Cancer is very difficult to cure after significant metastasis. Currently available treatments can prolong survival and improve quality of life in most metastatic cancers. This is achieved by using several treatment modalities either sequentially or in combination. Adding another novel therapeutic modality could potentially benefit millions of individuals fighting this disease.
Neoplastic cancer cells use glucose as the primary fuel to meet high energy demands. Cancer cells aggressively divert glucose from normal cells by up-regulating high affinity glucose transporters like Glucose Transporter 1 in the cell membrane.

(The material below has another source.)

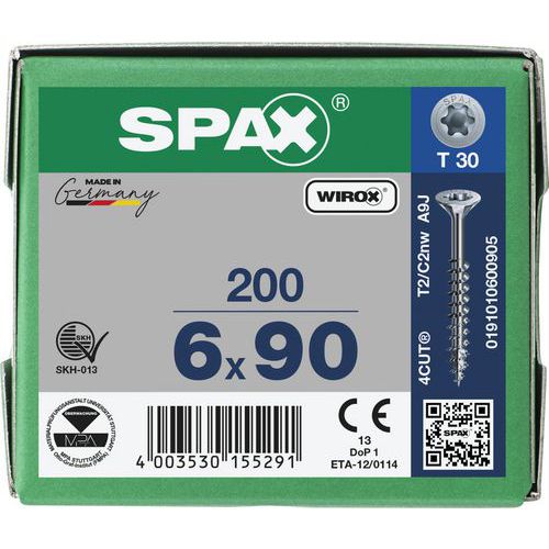 Boite de 200 vis universelles T-Star Plus à tête fraisée TX Ø - Spax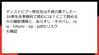 ディストピア~移住先は不貞の島でした~ ディストピア~移住先は不貞の島でした~ 16巻を全巻無料で読むには?どこで読めるかの最新情報と、あらすじ・ネタバレ、raw・hitomi・zip・pdfのリスクも確認 ディストピア~移住先は不貞の島でした~ 16巻 詳細あらすじ大人気ホラーサスペンス漫画『ディストピア~移住先は不貞の島でした~』の16巻がついに登場! 累計ダウンロード数70万を超えるこの作品は、子孫繁栄を至上命題とする狂気の離島「根度羅島... 2025.11.18 ディストピア~移住先は不貞の島でした~青年マンガ・コミック

Acquisition of the glycolytic phenotype has been shown to correlate with increased tumor aggressiveness and poor patient prognosis in several tumor types (Younes et al., 1995). Facilitative glucose uptake is achieved by trans-membrane transporters, termed Glut-1-5 and Glut-12, which are protein products of their respective GLUT genes. Although more than one Glut may be expressed by a particular cell type, tumors frequently over express Glut-1, which is a high affinity glucose transporter (Clavo et al., 1995). Human tumor cell lines, in response to hypoxia, increase glucose uptake by up-regulating membranous expression of the Glut-1 glucose transporter. This ability to survive periods of hypoxia confers tumors with an aggressive malignant phenotype enabling it to be resistant to both chemotherapy and radiotherapy and consequently poor overall survival. In several tumors including, NSCLC, colon cancer, bladder cancer, breast cancer and thyroid cancers, increased Glut-1 expression not only confers a malignant phenotype but also predicts for inferior survival (Younes et al., 1995; Younes et al. 1996a; Younes et al., 1996b).